Miramos por las ventanas mientras enciende el farol de su carreta y guía al pobre burro congelado de vuelta a casa.
—¡Vamos a preparar los adornos! —exclama Kitty—. Podemos hacer una pasta con sosa. Cuando la pongamos en el árbol parecerá nieve.
Los niños comienzan a dar saltos. Empiezan a desgarrar los retales de tela y las cintas que la hermana Mary Grace saca de su costurero. Otros bajan cajas polvorientas del desván, donde Arthur encuentra unas bolas de Navidad de metal rojo brillante que contempla con regocijo. Dos de las tres ratoncitas salen corriendo afuera para recoger piñas, y la hermana Constance ni siquiera menciona la regla de «no ir más allá de la terraza de la cocina».
Echo un vistazo a la puerta abierta preguntándome cuándo podré escaparme al jardín para colgar el pañuelo. Thomas debe de haberse escabullido en algún momento. Me pregunto si habrá vuelto al cobertizo con Lodo y las ovejas. Me pregunto si también le gusta estar solo pero no aislado.
Susan levanta una cadena de eslabones de papel.
—¡Qué aburrida! —De pronto, se vuelve hacia mí—. ¡Ve a buscar los lápices de colores que te dio Anna! Podemos pintar los eslabones de verde y rojo.
Los demás niños me miran, con los dedos pringosos de pegamento.
El miedo me oscurece como una sombra. ¿Los lápices? ¿Los lápices de Anna? Me los dio a mí.
Niego con la cabeza.
Benny resopla y mira a la hermana Constance.
—Dígale que tiene que compartir.
—Anna se los dio a ella —responde la hermana Constance—. Puede hacer lo que quiera con ellos. Si elige el camino de la generosidad, como la propia Anna hacía tan a menudo, entonces traerá los lápices de colores.
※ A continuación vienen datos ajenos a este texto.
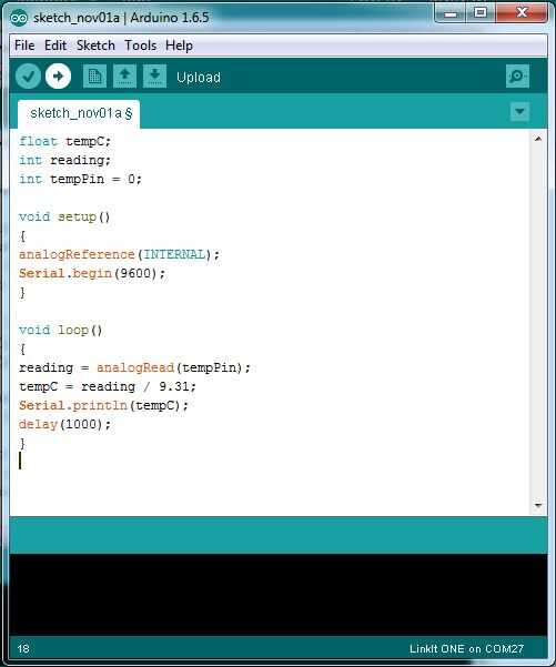 Antes de funcionamiento inalámbrico permite probar más de un monitor serie, esta prueba debe salida la temperatura sobre un monitor serial que puede sido usando un PC. El código se puede encontrar abajo abierto usando un IDE de Arduino con el plugin de LinkIt uno. Añadir el código en el puerto adecuado y abrir un monitor serie en que debe llegar la gama de lecturas en la pantalla que son la temperatura de la habitación que son.

Si escoge ser egoísta, bueno, es su decisión.
—¡Pero se está comportando como una cría!
Benny se cruza de brazos y me fulmina con la mirada. Hay una cruz de madera con la figura de Cristo colgada detrás de él. Si las manos de Jesús no estuvieran clavadas a la cruz, creo que él también se habría cruzado de brazos enfadado.
Me cruzo de brazos y le devuelvo una mirada fulminante.
Si quieren color —color de verdad—, entonces están buscando en los lugares equivocados.
Benny me mira con el ceño fruncido y, después, de manera instintiva, coge un puñado de la pasta de nieve.
—¡Todos la echamos de menos!
Me tira la pasta a la cara.
Se me llena la boca del sabor jabonoso de la sosa. Escupo y toso, y la hermana Constance agarra a Benny de la oreja.
—Eso ha estado fuera de lugar —lo reprende.
—Es un monstruito egoísta —espeta Benny mientras la oreja se le pone rápidamente roja—. No puede... No es la única que...
Lo pierdo de vista cuando la hermana Constance se lo lleva a rastras y mascullando algo acerca de que tendrá que quedarse en su habitación hasta que la soledad haga que el cerebro le funcione como es debido.
Echo una ojeada al reflejo de la ventana. La pasta me ha convertido la piel en un amasijo grumoso.
El resto de los niños intentan reprimir el impulso de echarse a reír.
Un monstruo.
Los demás no lo dicen en voz alta, no con la mirada vigilante de la hermana Mary Grace justo al lado, pero sé que lo están pensando.
Thomas es un monstruo porque le falta algo.
Yo soy un monstruo porque me sobra algo. Me sobra dolor y rabia.
Me da igual.
Al parecer, solo los monstruos saben que hay mundos y mundos y mundos, y que el nuestro es solo uno de ellos.